▶ _INFORMATION SUPPLIED_
-- -- --

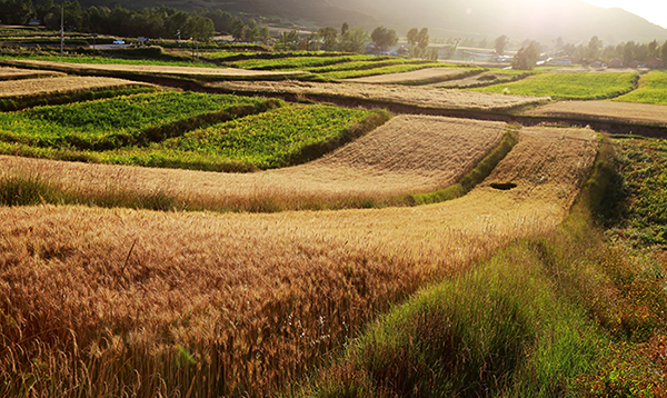 处暑时节,位于张掖民乐县境内的祁连山下小麦正值丰收时节,金黄的小麦、绿色的豆类植物和苜蓿,将大地分割成了调色盘,宛如一幅幅绚丽的田园画卷。(成学磊摄)
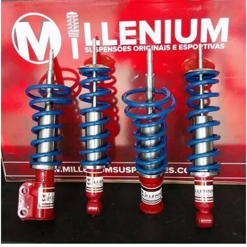 Millenium amortecedores. Os amortecedores são de ótima qualidade com uma ótima durabilidade. de 6 messes... Descrição do produto: 04 - amortecedores preparados para rosca slim -6 cm 04 - molas novas preparadas para roscas slim 04 - Tubo e flange slim galvanizados para não enferrujar/ Roscas grossa 04 - Prato superior de PU Marca: Não Informado
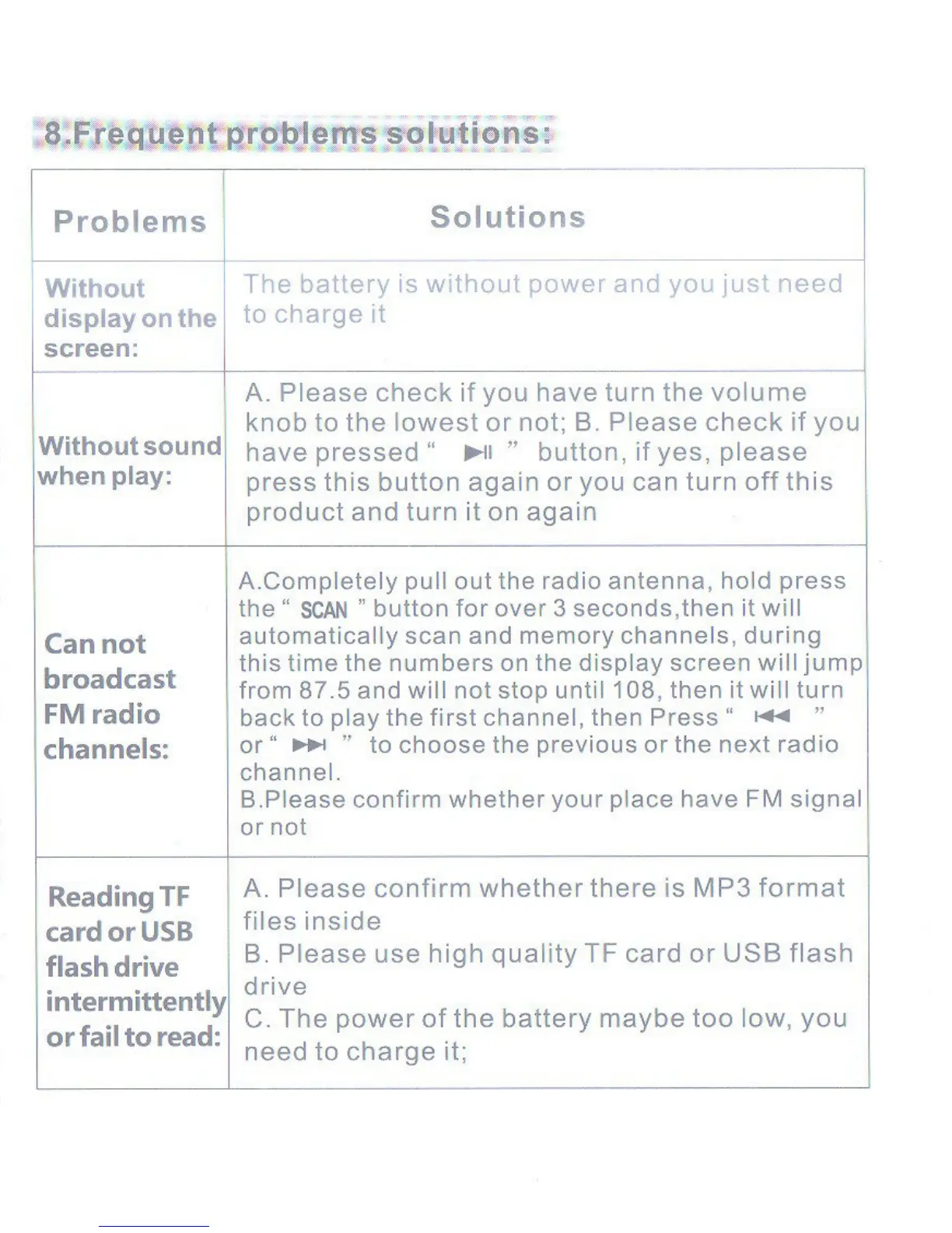 Radioddity Y-618 - Troubleshooting Common Issues; No Display on Screen; No Sound During Playback; FM Radio Channel Reception

-- -- --

▶ _WHAT THE TASK ASKS_
Return the data above unchanged. Pictures are not part of the copy.

▶ _RESULT OF THIS EXERCISE_
 处暑时节,位于张掖民乐县境内的祁连山下小麦正值丰收时节,金黄的小麦、绿色的豆类植物和苜蓿,将大地分割成了调色盘,宛如一幅幅绚丽的田园画卷。(成学磊摄)
 Millenium amortecedores. Os amortecedores são de ótima qualidade com uma ótima durabilidade. de 6 messes... Descrição do produto: 04 - amortecedores preparados para rosca slim -6 cm 04 - molas novas preparadas para roscas slim 04 - Tubo e flange slim galvanizados para não enferrujar/ Roscas grossa 04 - Prato superior de PU Marca: Não Informado
 Radioddity Y-618 - Troubleshooting Common Issues; No Display on Screen; No Sound During Playback; FM Radio Channel Reception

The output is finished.